The Passion of the Christ
By Paul Miller
How could one fail to comment on the media event
that has had everyone abuzz the past few weeks, the Ash Wednesday release of Met
Gibson's film The Passion of the Christ?
I
saw the film the first week it was out. I had been prepared for its graphic
depictions of Christ's sufferings by the massive publicity that preceded it. I
wasn't sure what to expect, only that it was hard hitting.
I
tried to examine the film on its own merits. It seemed to me that Gibson's
development of the characters in the film was somewhat stereotyped and shallow.
They came across as representatives of certain motives (cunning self-interest,
heroism) or emotions (rage, contempt, sorrow) than real three-dimensional people
with complex personalities. All in all, I thought it was not a great movie in
artistic terms. There was nothing subtle about it at all.
And
then, there was the violence.
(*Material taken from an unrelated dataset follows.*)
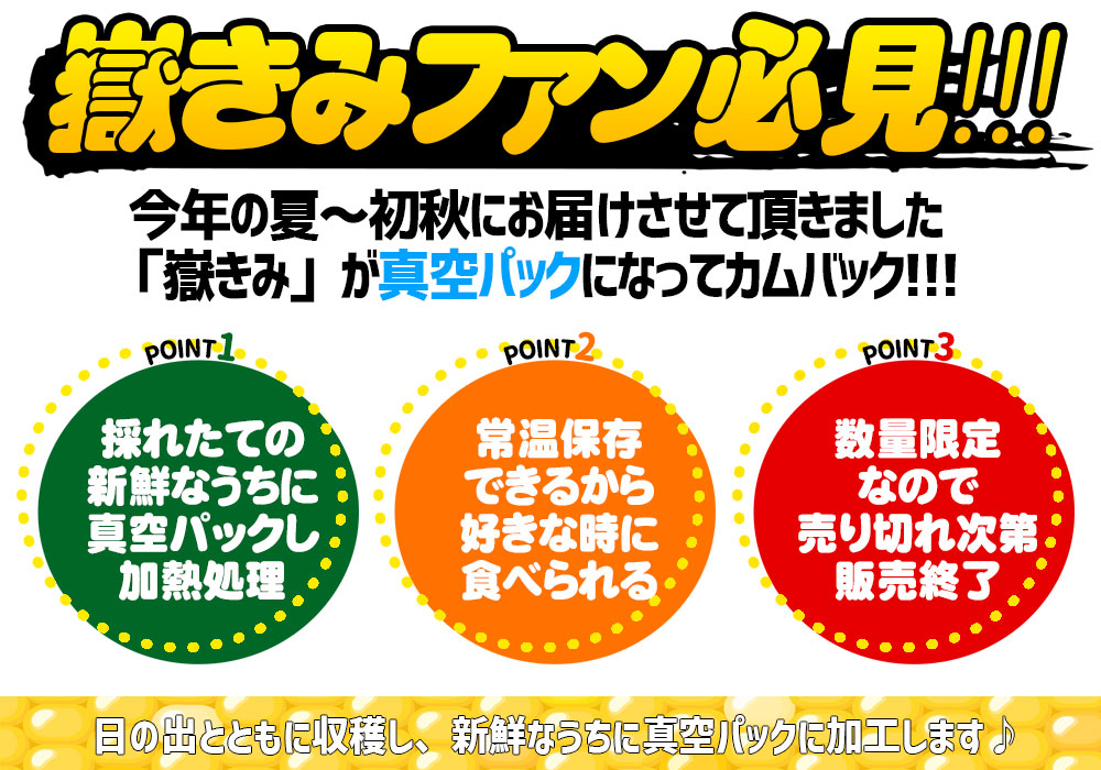 | 嶽きみの収穫最盛期を迎える8月中旬。 一番味がのって美味しくなったタイミングを逃さず日の出とともに収穫し、 その日のうちに加熱真空パックに加工! だから活きてるプチプチ食感! それが、嶽きみ真空パック(^0^)/ |

We had all been forewarned. And it certainly was
difficult to watch in places. I simply had to close my eyes.
It
took me a few days to come to terms with my own reaction to it and the
controversy that it had stirred up. Urbane critics in the secular media seemed
to be almost unanimous in their condemnation of the film "Brutal and
pornographic" was how one described it. There was a sense that the movie had no
point other than a mindless glorification of violence that broke all boundaries
of decency. Journalists who regularly review the most scurrilous material on the
stage or the screen were suddenly warning parents to protect their children from
this dangerous work.
Why?
I wondered. Why is everyone so upset about this film? For some it was political.
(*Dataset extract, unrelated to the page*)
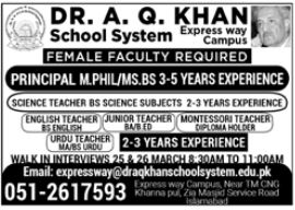 DR A Q Khan School System Islamabad, islamabad Islamabad Pakistan invites applications from eligible candidates for the post of urdu teacher, science teacher, principal, english teacher and montessori teacher as per advertisement of March 24, 2024 published in daily Jang Newspaper. Persons with Bachelor, B.ed, M.sc, Master and MA etc. education can apply.

The Passion of the Christ was simply one more tactic by the
religious right to take over society. Reviewers commented on Gibson's
Catholicism, noting that he was a "conservative" Catholic who disapproved of
the reforms of Vatican II. Doesn't that say it all about the man's motives?
But
after a few days of sorting it out in my own mind, I realized what was
happening. Mel Gibson has confronted us afresh with the scandal of the cross. At
the heart of the Christian faith stands a deeply troubling truth - that the
incarnate Son of God not only died but underwent utter, complete and abject
humiliation. It's a message that Christians and pseudo-Christians have
attempted to downplay, sanitize and deny for 2000 years.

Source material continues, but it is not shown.